The curly-haired one only rolled her eyes and turned back to me, as if this was all perfectly normal. “I’m Ysella, and that’s my sister Syra. We run the Weave here. Or what’s left of it. You needn't be scared.”
Syra sniffed. “If she’s going to survive this, she’d better get used to being scared.”
“I’m not scared,” I said, though my voice betrayed me with the slightest tremor.
Ysella’s smile softened, never mocking. “Of course you are, darling. You’ve just learned how to wear it well.”
I swallowed hard. “What do you want from me?”
Syra’s amusement faded. She stepped closer. “Someone tried to sever you from your thread.”
“Not just hide it,” her sister added quietly. “Cut it clean. Like snipping the roots off a flower and expecting it to bloom. Her eyes met mine with something like pity. “You're a Weaver, Lily. But you cannot reach your magic. Can you?”

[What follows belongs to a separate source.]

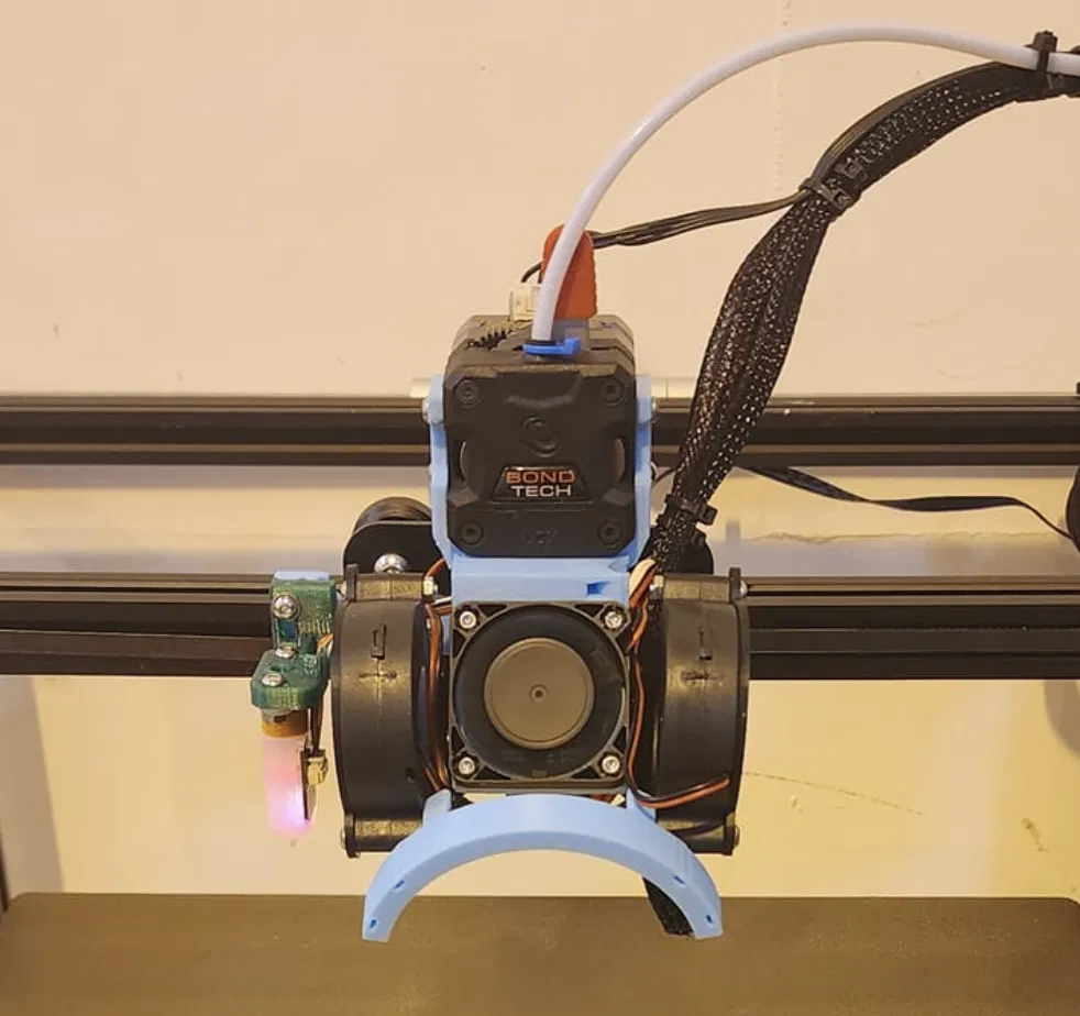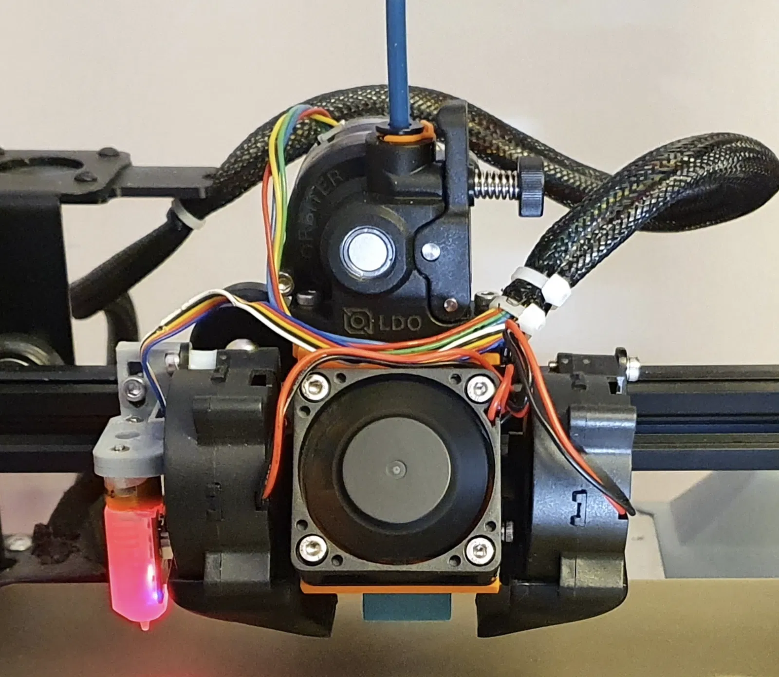 Các bộ phận gắn đầu in nóng KHÔNG ĐƯỢC in bằng PETG (quá nhiều độ uốn tự nhiên). In các bộ phận gắn đầu in nóng bằng PLA+, ASA, ABS, PA-CF hoặc PC-CF.

“I don't understand,” I whispered. “There is no magic in my time. If I'm a Weaver, why can't I—”
But even as the words spilled out, something inside me recoiled. Because I had seen things. The glowing threads in the woods. The way the air shimmered around Marigold. The pull I couldn’t name.
I’d spent my life believing I was ordinary.
But now, surrounded by witches and candlelight, by the scent of smoke and earth, by two ancient women who looked at me like I was a tapestry they’d once helped weave—I understood.
I wasn’t lost.
I’d simply been hidden. Stitched out of sight until now.
Gran’s words echoed through me. Trust yourself. Trust your instincts, even when logic tells you otherwise. Especially then.